Argentine government diplomatic training program

The Instituto del Servicio Exterior de la Nación ("Foreign Service Institute of the Nation", ISEN), is the Argentine government's training institution for employees of the diplomatic service. It is dependent on the Ministry of Foreign Affairs and Worship. Its goals are to select and train Argentine diplomats and other employees of the diplomatic service so they may advance the Argentine foreign affairs agenda, as well as to produce knowledge on current international affairs.

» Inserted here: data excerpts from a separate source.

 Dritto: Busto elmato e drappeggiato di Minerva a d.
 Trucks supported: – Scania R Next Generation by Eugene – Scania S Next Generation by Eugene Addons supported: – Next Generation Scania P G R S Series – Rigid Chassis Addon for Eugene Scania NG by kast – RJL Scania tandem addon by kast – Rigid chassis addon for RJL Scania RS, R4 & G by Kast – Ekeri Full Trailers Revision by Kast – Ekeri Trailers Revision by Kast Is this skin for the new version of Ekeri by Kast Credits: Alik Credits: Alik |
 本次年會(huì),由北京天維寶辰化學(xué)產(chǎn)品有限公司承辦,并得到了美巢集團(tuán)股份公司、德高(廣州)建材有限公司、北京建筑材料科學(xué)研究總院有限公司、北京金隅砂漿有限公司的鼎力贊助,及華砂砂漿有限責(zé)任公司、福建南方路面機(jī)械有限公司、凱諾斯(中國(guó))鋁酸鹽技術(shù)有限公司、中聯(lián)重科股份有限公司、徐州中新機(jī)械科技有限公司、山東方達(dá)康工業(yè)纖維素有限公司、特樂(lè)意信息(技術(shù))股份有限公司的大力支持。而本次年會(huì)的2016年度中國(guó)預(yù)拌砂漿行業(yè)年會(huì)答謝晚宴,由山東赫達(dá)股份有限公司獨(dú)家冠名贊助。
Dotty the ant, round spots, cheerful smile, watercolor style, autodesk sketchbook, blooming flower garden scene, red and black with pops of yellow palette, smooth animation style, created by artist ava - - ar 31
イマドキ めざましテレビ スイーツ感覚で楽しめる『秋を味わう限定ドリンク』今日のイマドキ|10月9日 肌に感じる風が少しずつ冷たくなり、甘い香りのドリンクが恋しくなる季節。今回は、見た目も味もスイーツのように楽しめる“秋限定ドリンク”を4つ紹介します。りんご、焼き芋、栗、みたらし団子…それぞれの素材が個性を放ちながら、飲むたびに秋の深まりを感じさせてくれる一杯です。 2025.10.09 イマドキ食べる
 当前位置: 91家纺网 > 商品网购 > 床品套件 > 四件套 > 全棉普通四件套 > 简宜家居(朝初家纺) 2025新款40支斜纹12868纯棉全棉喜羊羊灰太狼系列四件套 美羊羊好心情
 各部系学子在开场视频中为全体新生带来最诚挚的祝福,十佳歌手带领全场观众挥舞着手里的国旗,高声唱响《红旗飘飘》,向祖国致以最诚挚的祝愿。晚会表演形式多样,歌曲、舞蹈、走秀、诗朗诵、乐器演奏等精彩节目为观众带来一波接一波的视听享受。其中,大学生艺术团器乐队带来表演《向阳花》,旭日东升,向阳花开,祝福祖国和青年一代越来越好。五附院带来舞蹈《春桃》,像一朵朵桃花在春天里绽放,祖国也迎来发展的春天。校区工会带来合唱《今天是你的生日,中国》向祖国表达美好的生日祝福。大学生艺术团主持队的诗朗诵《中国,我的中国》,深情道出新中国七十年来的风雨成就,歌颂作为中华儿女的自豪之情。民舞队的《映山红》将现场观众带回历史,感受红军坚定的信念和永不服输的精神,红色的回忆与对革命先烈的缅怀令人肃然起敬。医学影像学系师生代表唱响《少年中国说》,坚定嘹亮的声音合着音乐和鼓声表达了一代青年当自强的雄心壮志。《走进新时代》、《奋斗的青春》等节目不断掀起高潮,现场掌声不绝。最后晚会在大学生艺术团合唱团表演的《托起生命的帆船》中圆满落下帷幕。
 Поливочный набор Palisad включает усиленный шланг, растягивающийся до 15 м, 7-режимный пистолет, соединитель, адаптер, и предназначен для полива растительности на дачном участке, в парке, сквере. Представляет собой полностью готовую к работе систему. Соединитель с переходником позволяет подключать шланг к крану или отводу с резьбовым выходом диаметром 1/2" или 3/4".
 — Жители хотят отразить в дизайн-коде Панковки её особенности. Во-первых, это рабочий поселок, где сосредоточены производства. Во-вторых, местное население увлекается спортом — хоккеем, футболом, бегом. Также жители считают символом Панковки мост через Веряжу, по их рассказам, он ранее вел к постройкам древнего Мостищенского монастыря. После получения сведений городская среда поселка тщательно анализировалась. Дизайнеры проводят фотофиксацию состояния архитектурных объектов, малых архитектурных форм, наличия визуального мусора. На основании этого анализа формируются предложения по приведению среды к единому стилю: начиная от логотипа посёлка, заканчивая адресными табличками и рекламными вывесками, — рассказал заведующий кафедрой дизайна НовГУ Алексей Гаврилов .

Since its foundation in 1963, it has served as the only institution for selecting and training diplomatic professionals in Argentina. ISEN graduates are granted "diplomatic state" for life, meaning they must follow the responsibilities laid out in Argentine diplomatic law even after retirement.

==History==
The ISEN was founded on 10 April 1963, during the presidency of José María Guido, on initiative of Foreign Minister Carlos M. Muñiz. Discussions on the professionalisation of diplomatic corps (as well as other state officials, in general) had become popular in Argentina and elsewhere since the 1950s. Throughout the 20th century, Argentina's unstable political climate led to abrupt changes in the institute's curricula and internal norms.

The same year of its foundation, the first class of diplomats graduated from the institute. At the time of its foundation, no prior education was required for applicants. This would change starting in 1971, due in part to protests from undergraduate students of diplomacy degrees from Argentine universities. Academic standards were dropped during the last military dictatorship in Argentina (1976 to 1983), during which letters of recommendation from high-ranking military officers were used as the main criterion for aspiring applicants.